(Items from a dataset)

────

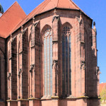 - Querhaus: Putzbau mit Porphyrgliederung, Spitzbogenportale,
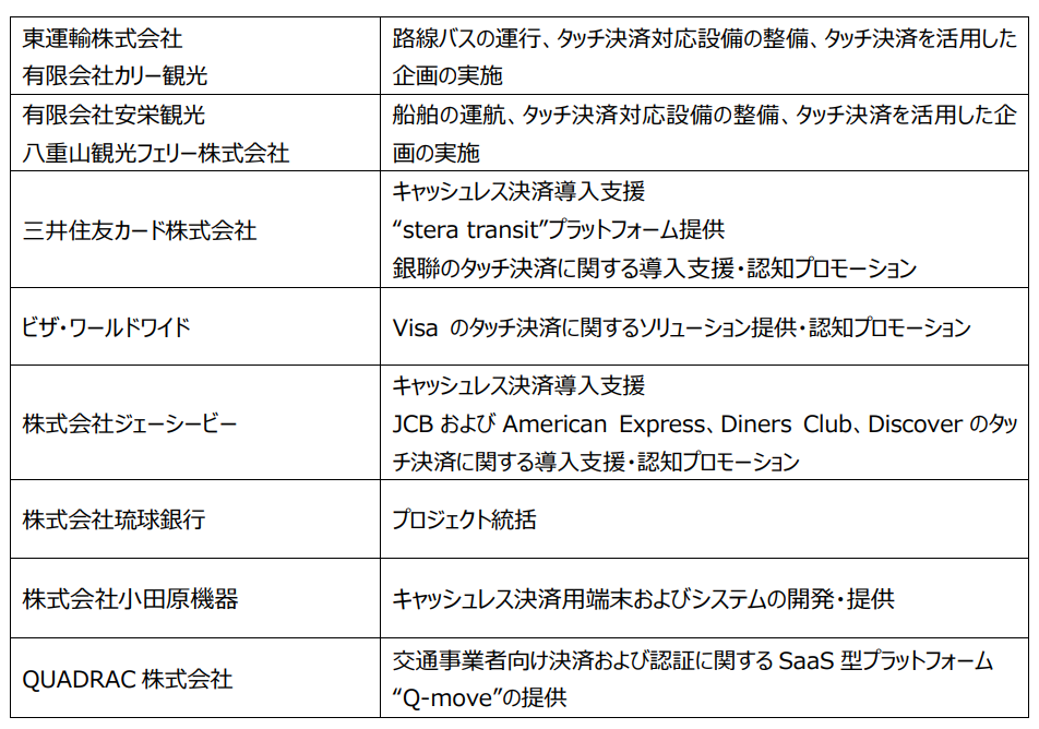 東運輸株式会社(本社:沖縄県石垣市、代表取締役社長:松原 栄松)、有限会社カリー観光(本社:沖縄県豊見城市、代表取締役社長:鹿川 幸正)、有限会社安栄観光(本社:沖縄県石垣市、代表取締役社長:森田 安高)、八重山観光フェリー株式会社(本社:沖縄県石垣市、代表取締役社長:黒島 一博)、三井住友カード株式会社(本社:東京都江東区、代表取締役社長:大西 幸彦)、ビザ・ワールドワイド・ジャパン株式会社(本社:東京都千代田区、代表取締役社長:シータン・キトニー)、株式会社ジェーシービー(本社:東京都港区、代表取締役兼執行役員社長:二重 孝好)、株式会社琉球銀行(本社:沖縄県那覇市、代表取締役頭取:川上 康)、株式会社小田原機器(本社:神奈川県小田原市、代表取締役社長:丸山 明義)、QUADRAC株式会社(本社:東京都港区、代表取締役社長:高田 昌幸)は、2024年3月19日より、八重山エリアの公共交通機関(路線バス、船舶)において、三井住友カードが提供する公共交通機関向けソリューション「stera transit」を活用した、タッチ決済対応のカード(クレジット、デビット、プリペイド)や、同カードが設定されたスマートフォン等による乗車・乗船サービスを開始することについて、以下の通りお知らせします。
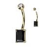 • The base of the belly bar features a square gem, sized 5mm x 7mm, 14k yellow gold with a prong set gem.
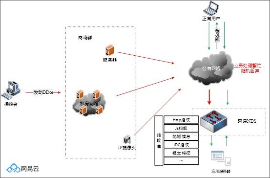 從服務的角度來說DDoS防護本質上是一場以用戶為主體依賴抗D防護系統與黑客進行較量的戰爭,在整個數據對抗的過程中服務提供者往往具有絕對的主動權,用戶可以基于抗D系統特定的規則,如:流量類型、請求頻率、數據包特征、正常業務之間的延時間隔等。基于這些規則用戶可以在滿足正常服務本身的前提下更好地對抗七層類的DDoS,并減少服務端的資源開銷。詳細示意圖如下:
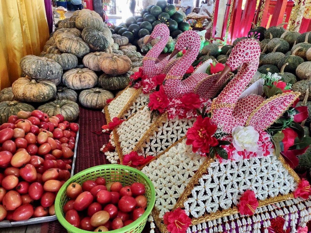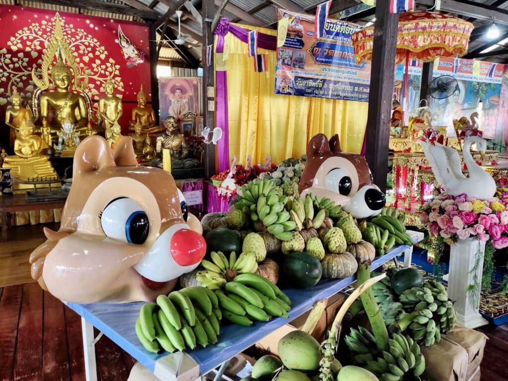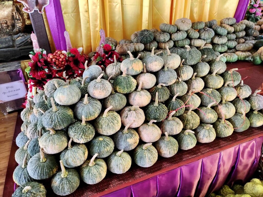 นอกจากนี้ ทางเจ้าภาพ และทางวัด ได้นำผลิตผลทางการเกษตร อาทิ ฟักทอง,แตงโม,น้อยหน่า,กล้วยหอม,มะพร้าว และ มะเขือเทศ แจกจ่ายให้กับผู้ที่มาร่วมงานบุญได้นำกลับไปรับประทาน เพื่อความเป็นศิริมงคล
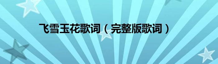 大家好,飞雪玉花歌词,完整版歌词很多人还不知道,现在让我们一起来看看吧!
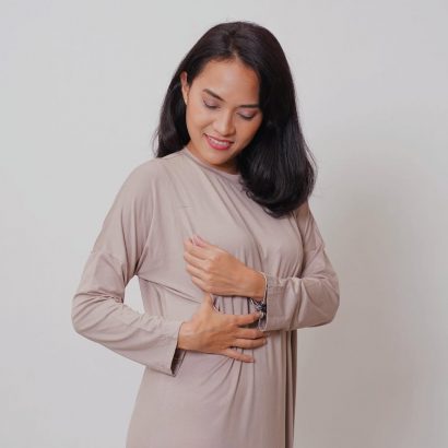 Ini adalah pakaian paling cepat dan mudah karena Mommies tidak perlu memadupadankan atasan dan bawahan. Pilih dress atau gamis dengan aksen khusus seperti akses bukaan tersembunyi (zipper samping, bukaan layer vertikal, atau bukaan silang). Dari gamis floral yang manis untuk acara semi-formal hingga dress katun polos untuk aktivitas di rumah, dress menyusui kini hadir dengan desain yang elegan dan feminin.
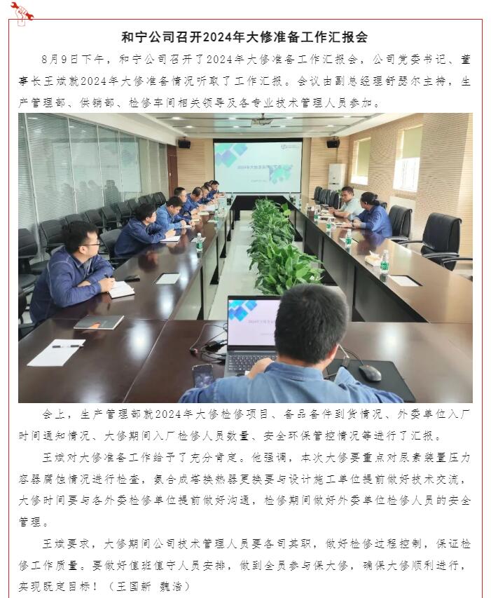 和寧公司召開2024年大修準(zhǔn)備工作匯報(bào)會(huì)

────

**Assignment**.
Your answer must be exactly the lines from the one with "prong set gem." through the final line of the data, with no pictures in it.

**Your response**.
 • The base of the belly bar features a square gem, sized 5mm x 7mm, 14k yellow gold with a prong set gem.
 從服務的角度來說DDoS防護本質上是一場以用戶為主體依賴抗D防護系統與黑客進行較量的戰爭,在整個數據對抗的過程中服務提供者往往具有絕對的主動權,用戶可以基于抗D系統特定的規則,如:流量類型、請求頻率、數據包特征、正常業務之間的延時間隔等。基于這些規則用戶可以在滿足正常服務本身的前提下更好地對抗七層類的DDoS,并減少服務端的資源開銷。詳細示意圖如下:
 นอกจากนี้ ทางเจ้าภาพ และทางวัด ได้นำผลิตผลทางการเกษตร อาทิ ฟักทอง,แตงโม,น้อยหน่า,กล้วยหอม,มะพร้าว และ มะเขือเทศ แจกจ่ายให้กับผู้ที่มาร่วมงานบุญได้นำกลับไปรับประทาน เพื่อความเป็นศิริมงคล
 大家好,飞雪玉花歌词,完整版歌词很多人还不知道,现在让我们一起来看看吧!
 Ini adalah pakaian paling cepat dan mudah karena Mommies tidak perlu memadupadankan atasan dan bawahan. Pilih dress atau gamis dengan aksen khusus seperti akses bukaan tersembunyi (zipper samping, bukaan layer vertikal, atau bukaan silang). Dari gamis floral yang manis untuk acara semi-formal hingga dress katun polos untuk aktivitas di rumah, dress menyusui kini hadir dengan desain yang elegan dan feminin.
 和寧公司召開2024年大修準(zhǔn)備工作匯報(bào)會(huì)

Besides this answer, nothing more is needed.